Part IV of the book explores graphical aspects of depicting uncertainty. Three principles of effective display are mentioned that can be called  “THREE COMMANDMENTS of effective data display of data”

  1. Remind us that the data being displayed do contain some uncertainty , and then
  2. Characterize the size of that uncertainty as as it pertains to the inferences we have in mind , and in so doing
  3. help keep us from drawing incorrect conclusions through the lack of a full appreciation of the precision of our knowledge.

I guess it makes a LOT of sense to keep the above things in mind whenever any data display for ANY purpose is produced. It goes with out saying that these apply more to financial world than any other discipline

This part of the book talks about using graphic displays such as Catalogtree, Confidence aperture plot, basic stem and leaf plots, error plots etc. One takeaway for me was the subtle point of displaying time series data. Author clearly shows examples where doing away with the legend and labelling the series at both ends gives a far more clear display than using legends , colors, and the jazz associated.

Mendel effect is a good story about the importance of the choosing the correct binning criterion . Basically if we have two uncorrelated variables, you can cut the data to suit your need!!. If you want to show the means of groups is increasing/decreasing/remains constant, it is very easy to cut the groups accordingly and creating a FRAUD graph… The good old scatterplot is the solution to these fraud graphs.

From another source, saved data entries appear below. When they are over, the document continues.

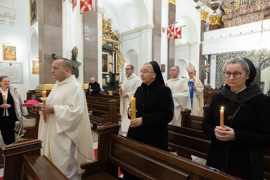 Fot. Krzysztof Stępkowski / Ordynariat PolowyŚwięto Ofiarowania Pańskiego przypadające 2 lutego w Kościele katolickim od 1997 r. jest także Dniem Życia Konsekrowanego. W intencji osób konsekrowanych m.in. sióstr pallotynek, pełniących posługę w Domu Biskupów Polowych przy ul. Długiej Mszę św. sprawował bp Wiesław Lechowicz. W czasie liturgii siostry Agnieszka, Elżbieta i Stanisława odnowiły swoje śluby zakonne.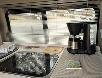 This coffee maker is perfect in our RV. Takes up very little room and looks great! It makes exactly two large cups of coffee. Which is perfect for two people.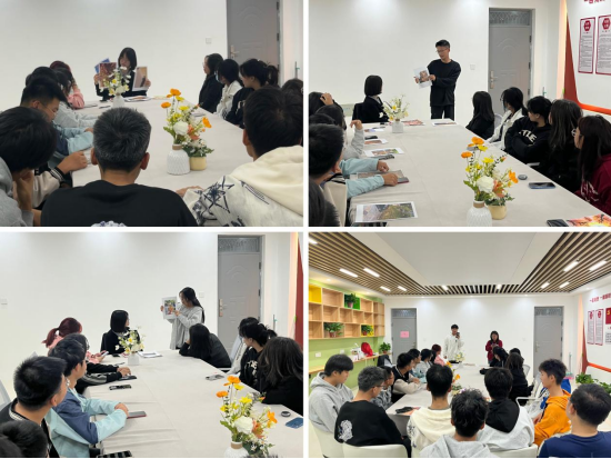 本次活动所展示的作品均为员工们在课余之时停下匆匆脚步,以绘画或摄影形式定格秋的身影,记录下来商院秋天的斑斓色彩。21名同学依次对作品的创意灵感进行分享交流,邓皓楠、王艺璇为大家带来《我们的歌》、《如愿》两首歌曲表演,张艺婕作活动总结,并为参与活动的各位同学赠送活动纪念品。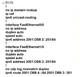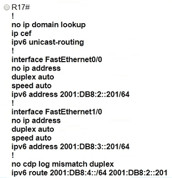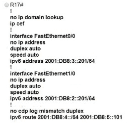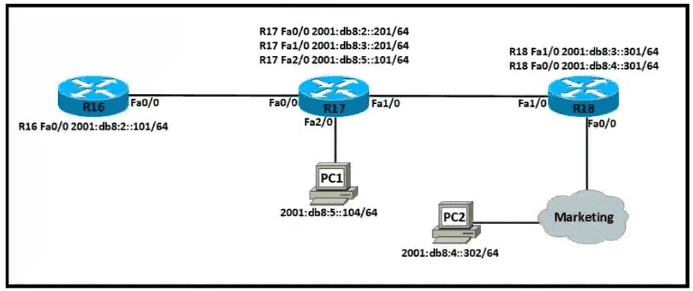 Which IPv6 configuration is required for R17 to successfully ping the WAN interface on R18?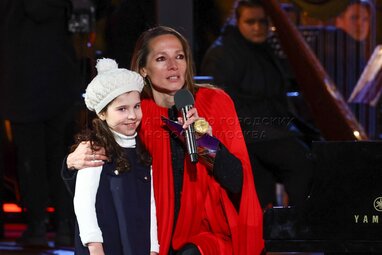 Ведущая тележурналист ВГТРК Дарья Златопольская и юная пианистка Дарья Сорокина. Концерт Великой Победы под руководством народного артиста СССР, Героя труда РФ Юрия Башмета в парке «Зарядье».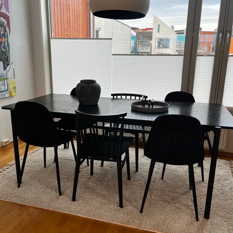4 stk spisebord stoler fra Skeidar selges. Ca 2 år gamle, brukt. Litt flekker som sikkert fjernes lett. Nypris 699,- pr stk. selges for 900 kr alt. Hentes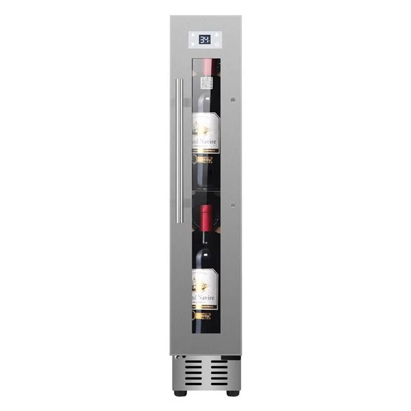 Transform the smallest of spaces into your very own sophisticated wine nook with the Equator super-slim 9-bottle wine refrigerator. Only 0.78-cu ft and measuring 32.28-in x 5.90-in x 20.66-in (H x W x D), harnessing the power of compressor fan cooling is right at your fingertips with sleek touchpad controls and a bright LED display. Your collection is always protected with a series of alarms to alert you of temperature fluctuations or when the door is left open. Plus, the anti UV glass blocks harmful rays from penetrating your prized collection. Expertly engineered with adjustable feet and a reversible door, this compact gem can be freestanding or placed under counters.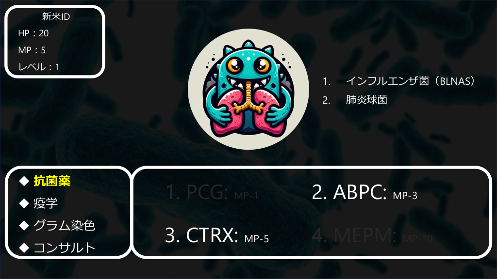 新米ID HP:20 MP:8 レベル:1 ◆ 抗菌薬 ◆ 疫学 1. インフルエンザ菌 3+ ◆ グラム染色 2. 肺炎球菌 少数 ◆ コンサルト #22.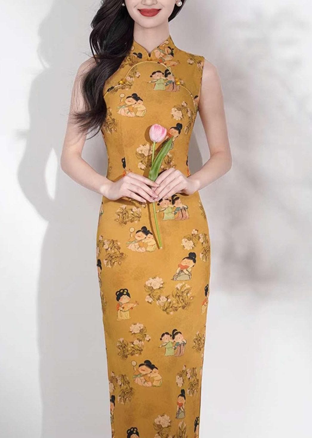 vintage cheongsam dress, Chinese figure print qipao, gift for mom, ...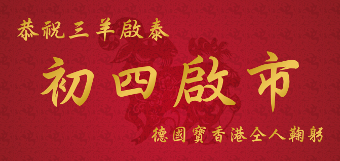 德国宝同人恭祝新年进步 乙未羊年新春初四启市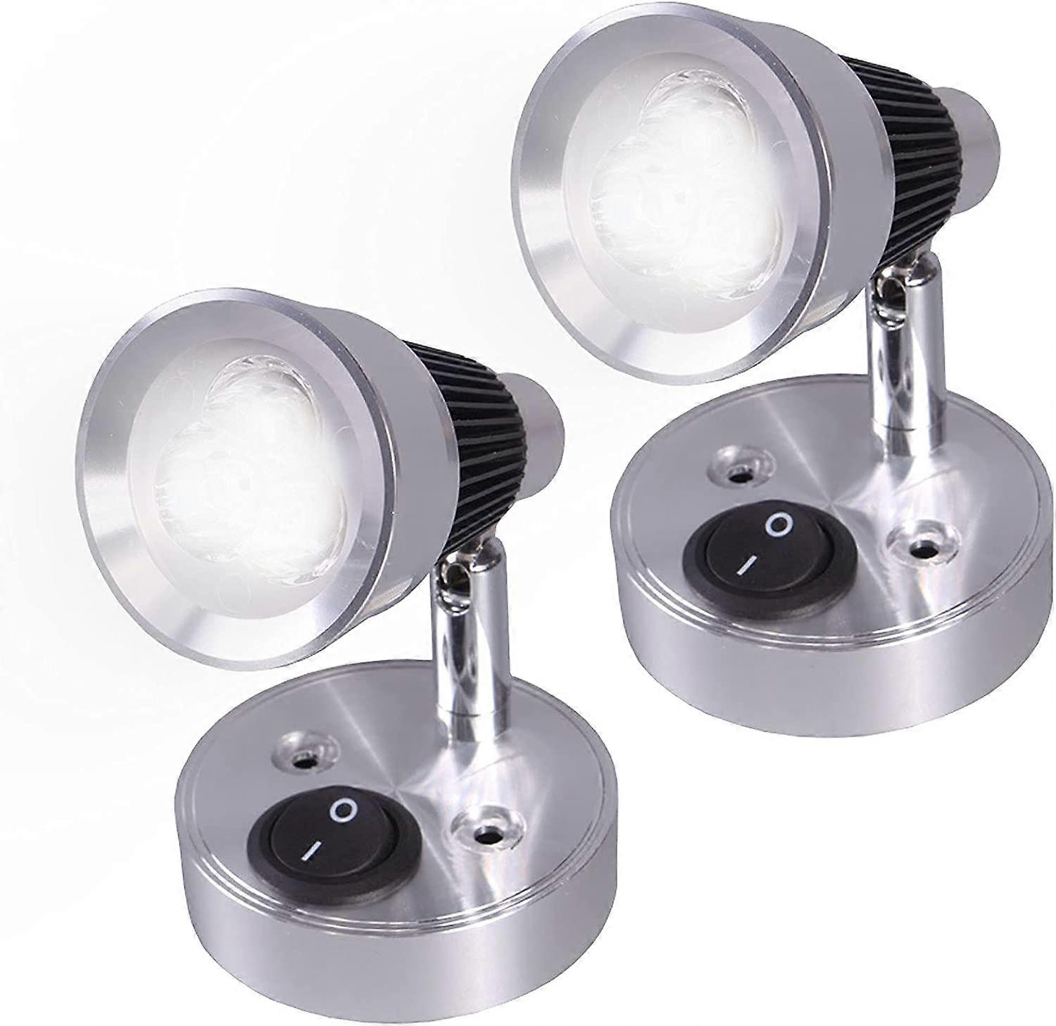 12V LED Spot Wall Reading Lamp 2pcs Auto LED Light Adjustable Switch Interior Caravan Van Light for Motorhome, Camper Van, Boat (Cool White)

After reading this part of the book, one would definitely get motivated to refer to the works of William Playfair,  Tukey’s Exploratory Data Analysis , Edward Tufte’s books.

Part V of the book is a historical narrative of people who introduced innovative graphics / maps to display 4/5/6 dimensionality data. Some of the stalwarts covered in this part are William Playfair , Charles Joseph Minard , and Jacques Bertin. Various graphics from each of these individuals are displayed and explained to give a sense of richness , a well thought out graphic can bring out.

image Takeaway

A key tool to understand uncertainty is a graphic display . A display that shows the data in all of their variability acts as a control , preventing us from drawing inferences based on a single summary number(eg, mean) that can only feebly characterize a complex situations.

As they say, Stories have immense power to communicate. This book is primarily in a story format and hence a reader is likely to forever remember the moral of the stories.